The results for trial stores 77 during the trial period show a significant difference in at least two of the three trial months for both the total sales and number of customers metrics. Trial store 86 saw a statistically significant increase in customers but not total sales. Trial store 88 saw a statistically significant increase in sales but not customers.
![](img/summary.png)
We can check with the client if the implementation of the trial was different in trial stores 86 and 88 but overall, the trial shows a positive effect on our metrics; two out of three stores had higher sales and two out of three stores also had higher number of customers. Now that we have finished our analysis, we can prepare our presentation to the Category Manager.
## Task 3
In completion, we communicated statistical evidence to client, confirming the success of the trial layout, and recommended its deployment across all stores.
# References
- [Affinity Analysis](https://www.youtube.com/watch?v=icGS26TS1fE)

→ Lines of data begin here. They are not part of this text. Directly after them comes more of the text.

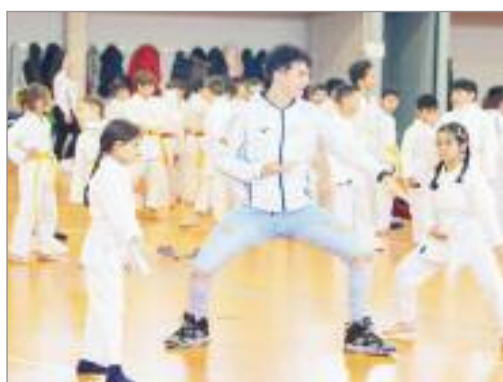
Las pequeñas demostraron un talento especial para el karate

El Complejo Deportivo de Espartales se convirtió en un gran tatami en el que más de 400 deportistas participaron en el Predeuko complutense. Una cita organizada por el Club de Karate Pablo Armenteros y el Club de Karate Paris Armenteros, que contó con la participación de cientos de jóvenes deportistas desde los 6 hasta los 15 años, en un total de 28 categorías. Todos los participantes contaron con la posibilidad de
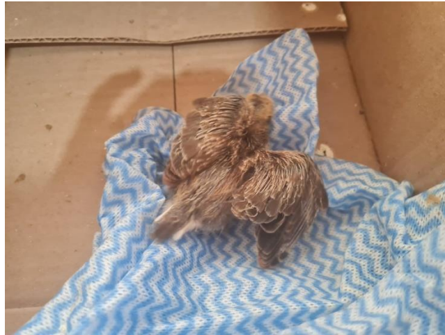
(49418) - Rolinha, filhote
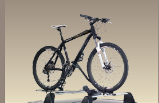
THULE Fahrradträger „ProRide“ 17 32 140
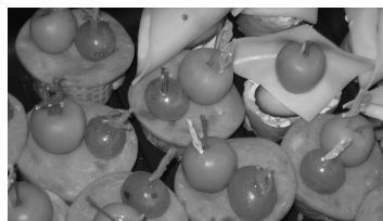
Lk. 2 Leivanädala ürituste kokkuvõtet saad lugeda siit.
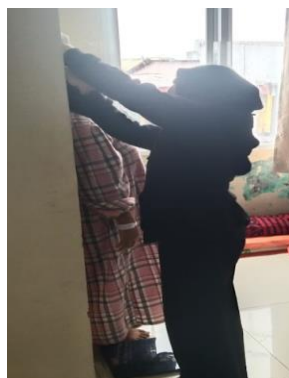
Pengukuran Tinggi dan Berat Badan Responden di RSKDIA Siti Fatimah
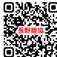
長野陸協・競技会結果

★今後も、情報・お願いをFAXもしくは、県・上伊那陸協のホームページへ記載していきますので、常に気にしていただき、ご覧ください。よろしくお願ひ致します。
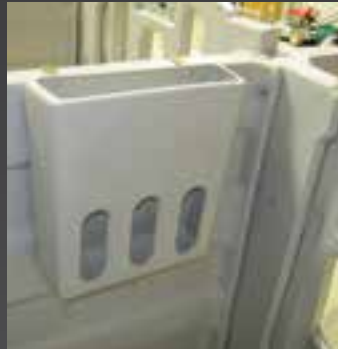
Подвесная пластиковая кормушка для сена

- [Data table in R](https://cran.r-project.org/web/packages/data.table/vignettes/datatable-intro.html)
- [Measures of Distance in Data Mining](https://www.geeksforgeeks.org/measures-of-distance-in-data-mining/)

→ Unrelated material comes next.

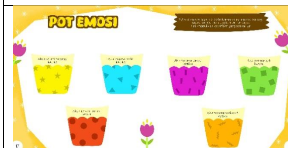
Halaman tujuh belas dan delapan belas

- [The Pyramid Principles](https://medium.com/lessons-from-mckinsey/the-pyramid-principle-f0885dd3c5c7)
- [Two sample t-test](https://www.statology.org/two-sample-t-test/)
# Appendix A: Raw Data
![Transaction data](img/transaction-data.png)
![Customer data](img/customer-data.png){fig-align="left" width="499"}
# Appendix B: Magnitude distance
i.e. 1 - (Observed distance -- minimum distance)/(Maximum distance -- minimum distance)
- The fraction (Observed distance - Minimum distance) / (Maximum distance - Minimum distance) represents the relative position of the observed distance within the entire range of possible distances.
- By subtracting the fraction (Observed distance - Minimum distance) / (Maximum distance - Minimum distance) from 1, we obtain a value that reflects the similarity between the trial store and the control store.
- With (Observed distance - Minimum distance) / (Maximum distance - Minimum distance), the lowest measure means highest similarity
- A value of 1 indicates maximum similarity (when the observed distance equals the minimum distance), while a value of 0 indicates minimum similarity (when the observed distance equals the maximum distance).